While implementation details differ across products, the general idea is to take a cash investment and use a small part of it to buy a one-year (or so) call spread, while investing the remainder of the money in a one-year Treasury bill (T-bill).1 A call spread involves simultaneously buying a lower strike call and selling a higher strike call with the same maturity. The next figure shows a typical payout from this strategy, as of the start of March 2025 (the trade and its tax consequences are explained in more detail in the appendix).
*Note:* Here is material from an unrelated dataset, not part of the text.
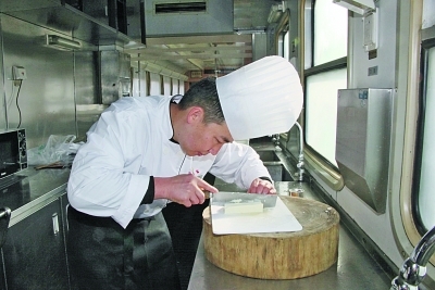 蒋师傅是南京客运段的领导们从南通的五星级大饭店“挖”过来的厨师长。“以前铁路上都是‘自产自销’,不少乘客都反映,说餐车的饭不好吃。餐车不能用明火,用电磁炉不好控制火候,一些复杂的菜式也不方便烧。”但为了满足乘客们“味觉”需要,铁路部门逐渐地从路外挖掘大厨,到列车上来做菜。在前不久举行的上海铁路局职工岗位技能大赛中,蒋师傅凭借着2分10秒切3个豆腐菊花的功夫,当之无愧地获得了第一名。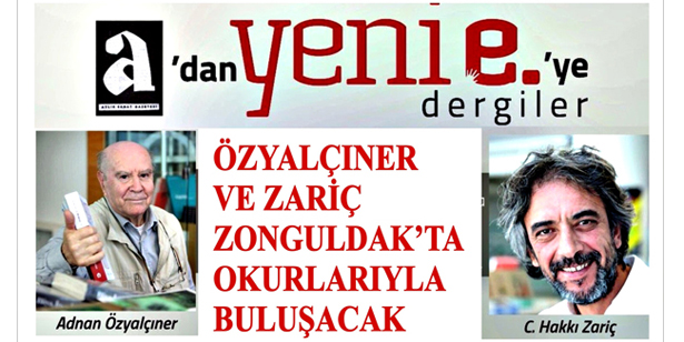 Yazar Adnan Özyalçıner ve C. Hakkı Zariç, “a’dan yeni e.’ye dergiler” söyleşi ile bu hafta sonu Zonguldak’ta okurlarla buluşacak.

The strategy depends on the returns of an investment in the SPDR S&P 500 ETF Trust (SPY) – which tracks the S&P 500 index – and is constructed using SPY options maturing on March 20, 2026, and a one-year T-bill.

total return

The x-axis shows the hypothetical value of SPY on March 20, 2026; the y-axis shows the strategy payout:

  • If SPY ends at 575 or lower, the investor would suffer a 0.5% loss, i.e., 50 cents for a $100 investment. Essentially, the strategy has zero market risk.
  • If SPY finishes at 620 or higher, the investor’s return in capped at 6.9%.
  • In between, the investor’s return goes up one-for-one with the market. For every dollar that the SPY goes above 575, the investor makes a dollar from the strategy, up to the maximum 6.9% return.